外部数据编码和存储后,它准备在推理期间检索,此时模型生成响应或回答问题。推理分为三个步骤:检索、增强和生成。

Retrieval

检索

The inference stage starts with retrieval, in which data is retrieved from an external knowledge source in relation to a user query. Retrieval methods vary in format and complexity, however in the naive RAG schema, in which external knowledge is embedded and stored in a vector database, similarity search is the simplest form of retrieval.

推理阶段从检索开始,从外部知识源检索与用户查询相关的数据。检索方法在格式和复杂性上各不相同,然而在简单的RAG模式中,外部知识被嵌入并存储在向量数据库中,相似性搜索是最简单的检索形式。

To perform similarity search, the user query must be first embedded in the same multi-dimensional space as the external data, which allows for direct comparison between the query and embedded external data. During similarity search, the distance between the query and external data points is calculated, returning those with the shortest distance and completing the retrieval process.

为了执行相似性搜索,用户查询必须首先嵌入在与外部数据相同的多元空间中,这允许在查询和嵌入的外部数据之间进行直接比较。在相似性搜索期间,计算查询和外部数据点之间的距离,返回距离最短的数据点并完成检索过程。

Augmentation

增强

Once the most relevant data points from the external data source have been retrieved, the augmentation process integrates this external information by inserting it into a predefined prompt template.

一旦从外部数据源检索到最相关的数据点,增强过程通过将其插入预定义的提示模板来集成这个外部信息。

Generation

生成

After the augmented prompt is injected into the model's context window, it proceeds to generate the final response to the user's prompt. In the generation phase, the model combines both its internal language understanding and the augmented external data to produce a coherent, contextually appropriate answer.

将增强提示注入模型的上下文窗口后,它继续生成对用户提示的最终响应。

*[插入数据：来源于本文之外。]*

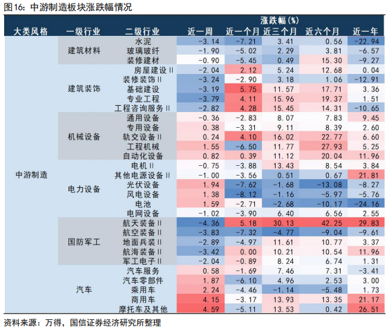 国内行业涨跌幅情况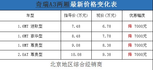 奇瑞A3:價(jià)格穩(wěn)定,最低售6.78萬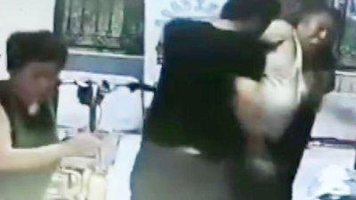 随后爆发兽欲,将老板娘侵犯,事后还朝老板娘脸上打了两耳光,说着是你导致我被爷爷打,我现在还你双倍!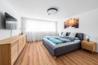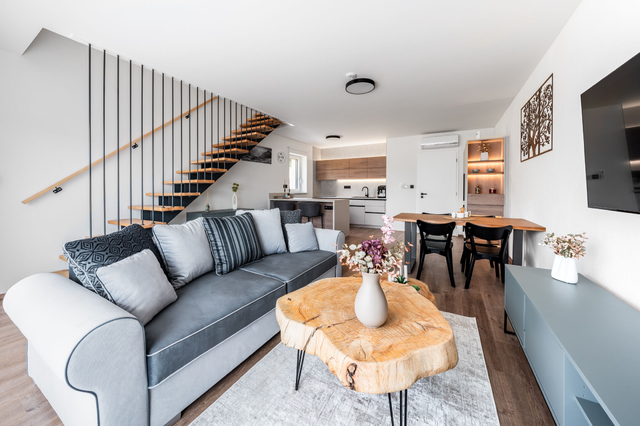 Apartmán je dokončen v nadstandardním provedení, které zahrnuje kvalitní plastohliníková okna a posuvné dveře typu HS portál s izolačním trojsklem, venkovní žaluzie, podlahové vytápění, v koupelnách navíc s topnými žebříky, nástěnné klimatizace ve všech obytných místnostech, elektrický zásobníkový ohřívač vody, zabezpečovací zařízení JABLOTRON s aplikací pro dálkové ovládání alarmu i celé domácnosti (ovládání klimatizace, topení či venkovních žaluzií), vnitřní schodiště s masivními dřevěnými nášlapy, interiérové dveře bílé s obložkovými zárubněmi, lepené vinylové podlahy v kombinaci s keramickou dlažbou, obklady či sanitu od renomovaných výrobců.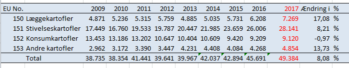 Vi har fået dugfriske tal fra Landbrug- og Fiskeristyrelsen (LFST), som har opgjort arealet med kartofler ud fra de netop indsendte EB-ansøgninger 2017. Som det ses, er der en stor stigning i læggekartoffelarealet, hvilket kan forklares ved den stigning, vi vil se i arealet med stivelseskartofler allerede nu, men også i de kommende år. Spisekartoffelarealet er nogenlunde status quo, mens gruppen ”Andre kartofler”, der dels dækker pulver- og chipskartofler men også kartofler til forarbejdning (Flensted), oplever en stigning. Så samlet en stigning i kartoffelarealet på ca. 8 %, hvilket man kun kan glæde sig over.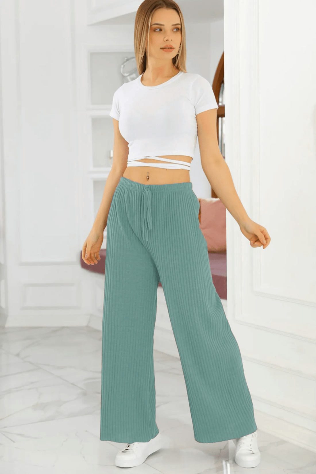 Kadın Fitilli İnce Kumaş Günlük Giyim Rahat Kalıp Mint Yeşili Kaşkorse Alt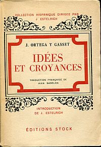 Ortega y Gasset, José: Idées et croyances. Paris: Stock 1945. 8°. XXVII, 206 S., Broschiert (Umschlag abgegriffen und wenig befleckt; Papier altersbedingt gebräunt; sonst altersgemäss gut erhalten) (=Collection hispanique, 1)
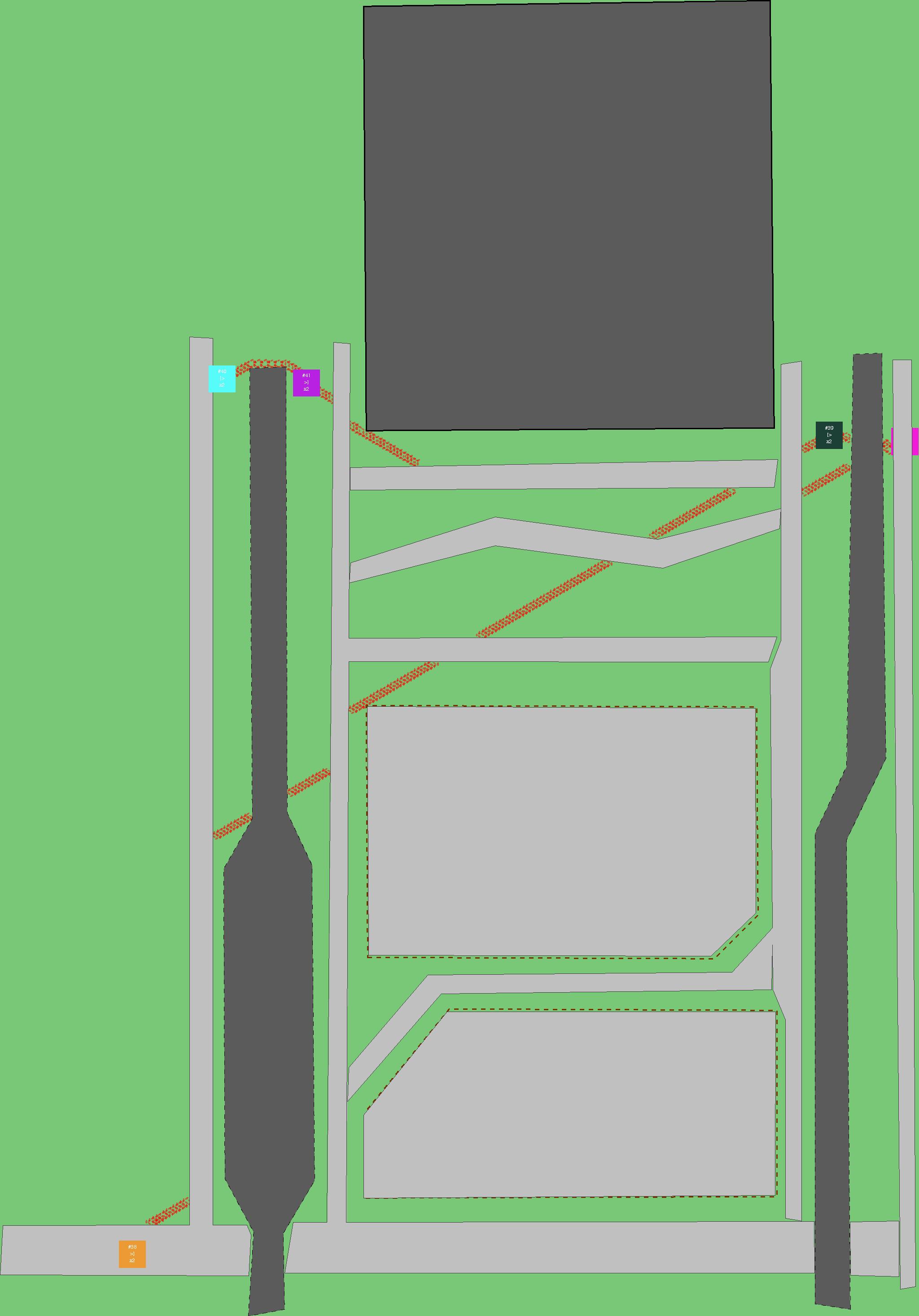 Красным цветом показаны места, где, вероятнее всего, появятся стихийные тропы..

在生成阶段,模型结合其内部语言理解和增强的外部数据来产生连贯的、上下文适当的答案。

This step involves crafting the response in a fluent, natural manner while drawing on the enriched information to ensure that the output is both accurate and relevant to the user's query. While augmentation is about incorporating external facts, generation is about transforming that combined knowledge into a well-formed, human-like output tailored to the specific request.

这一步涉及以流畅、自然的方式制作响应,同时利用丰富的信息来确保输出既准确又与用户查询相关。虽然增强是关于整合外部事实,但生成是关于将这种组合的知识转化为针对特定请求的、良好的、类似人类的输出。

RAG use cases

RAG用例

Now that we've covered what RAG is, how it works, and its architecture, let's explore some practical use cases to see how this framework is applied in real-world scenarios. Augmenting generative LLMs with up-to-date, task-specific data boosts their accuracy, relevance, and ability to handle specialized tasks. Consequently, RAG is widely used for real-time information retrieval, creating content recommendation systems, and building personal AI assistants.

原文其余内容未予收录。